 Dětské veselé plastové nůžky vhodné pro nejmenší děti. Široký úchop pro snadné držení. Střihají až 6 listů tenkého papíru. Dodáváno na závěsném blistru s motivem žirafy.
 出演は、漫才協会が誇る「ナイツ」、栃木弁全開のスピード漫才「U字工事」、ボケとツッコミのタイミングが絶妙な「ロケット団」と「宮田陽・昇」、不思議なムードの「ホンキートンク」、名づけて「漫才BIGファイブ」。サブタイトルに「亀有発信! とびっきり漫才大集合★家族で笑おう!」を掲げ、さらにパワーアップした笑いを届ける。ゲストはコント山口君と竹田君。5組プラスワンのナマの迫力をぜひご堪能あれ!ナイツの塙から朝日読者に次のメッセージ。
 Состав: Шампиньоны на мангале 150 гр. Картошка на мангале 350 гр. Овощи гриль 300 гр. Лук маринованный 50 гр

--

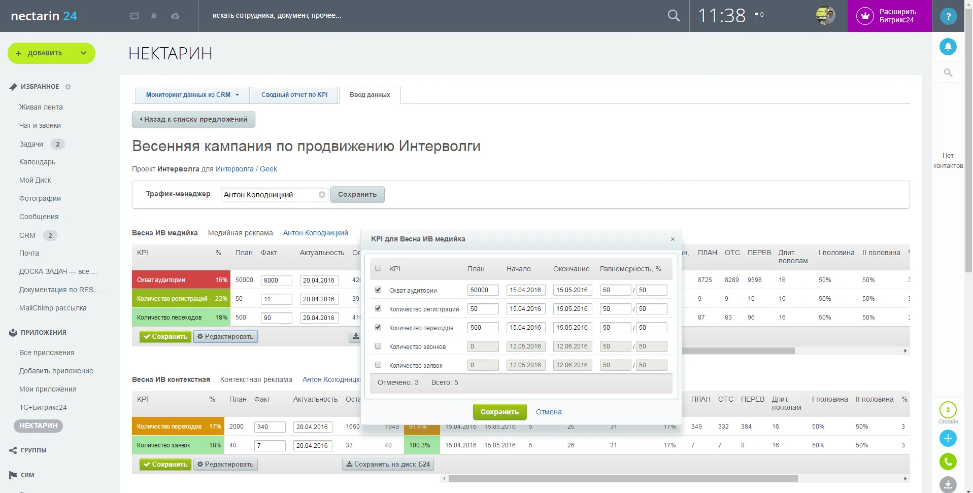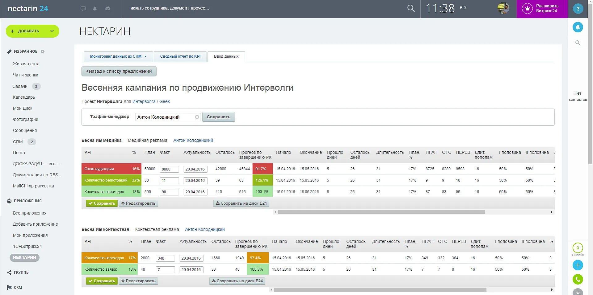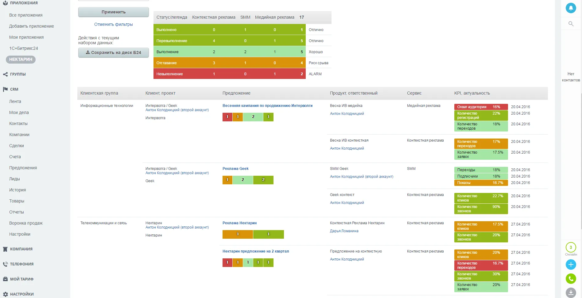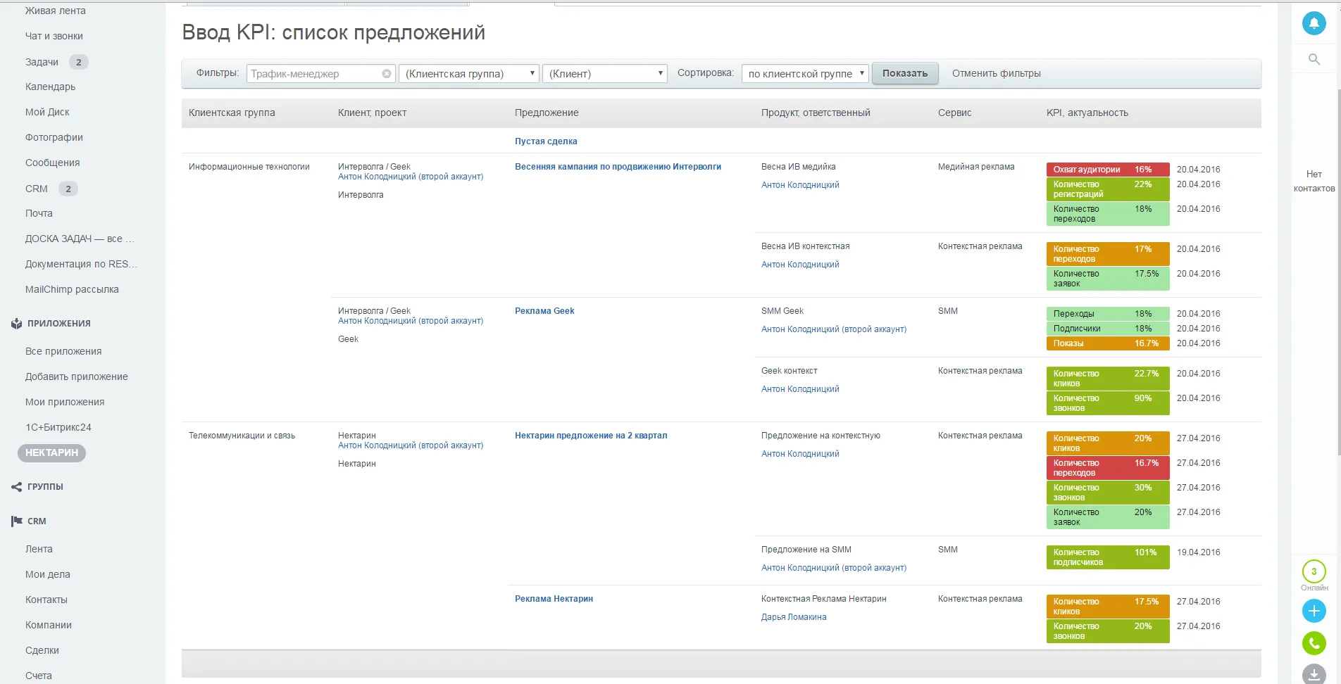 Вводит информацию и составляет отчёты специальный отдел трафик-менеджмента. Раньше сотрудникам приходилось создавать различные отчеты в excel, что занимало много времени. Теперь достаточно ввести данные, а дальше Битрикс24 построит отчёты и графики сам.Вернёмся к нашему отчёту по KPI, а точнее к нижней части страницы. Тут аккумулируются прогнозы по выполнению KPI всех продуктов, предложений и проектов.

==

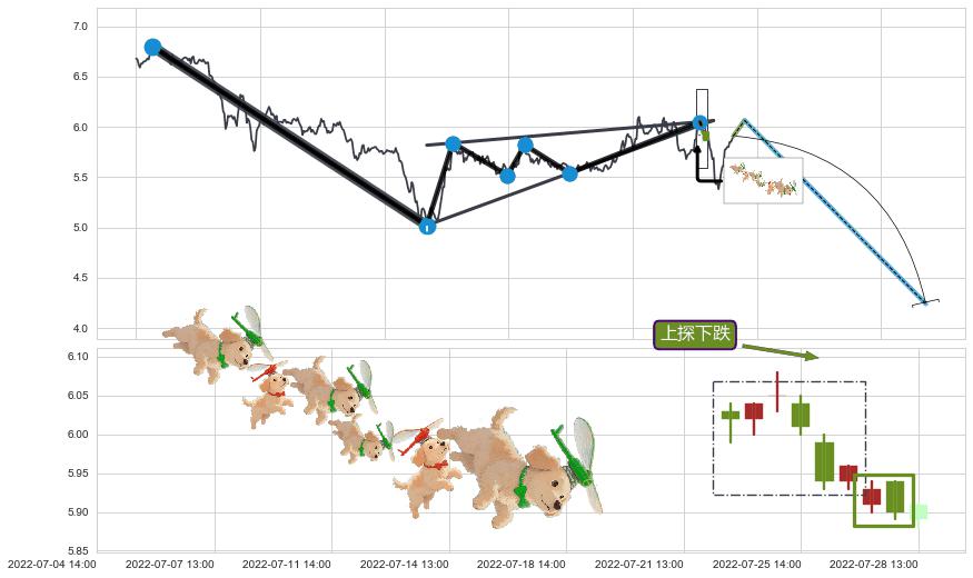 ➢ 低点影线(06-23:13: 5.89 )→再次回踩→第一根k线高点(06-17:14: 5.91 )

-- What the task requires --
Reproduce exactly the entries above, limited to the lines from the one with "Dětské veselé plastové" through the one with "出演は、漫才協会が誇る「ナイ", both included.

-- Response to this task --
 Dětské veselé plastové nůžky vhodné pro nejmenší děti. Široký úchop pro snadné držení. Střihají až 6 listů tenkého papíru. Dodáváno na závěsném blistru s motivem žirafy.
 出演は、漫才協会が誇る「ナイツ」、栃木弁全開のスピード漫才「U字工事」、ボケとツッコミのタイミングが絶妙な「ロケット団」と「宮田陽・昇」、不思議なムードの「ホンキートンク」、名づけて「漫才BIGファイブ」。サブタイトルに「亀有発信! とびっきり漫才大集合★家族で笑おう!」を掲げ、さらにパワーアップした笑いを届ける。ゲストはコント山口君と竹田君。5組プラスワンのナマの迫力をぜひご堪能あれ!ナイツの塙から朝日読者に次のメッセージ。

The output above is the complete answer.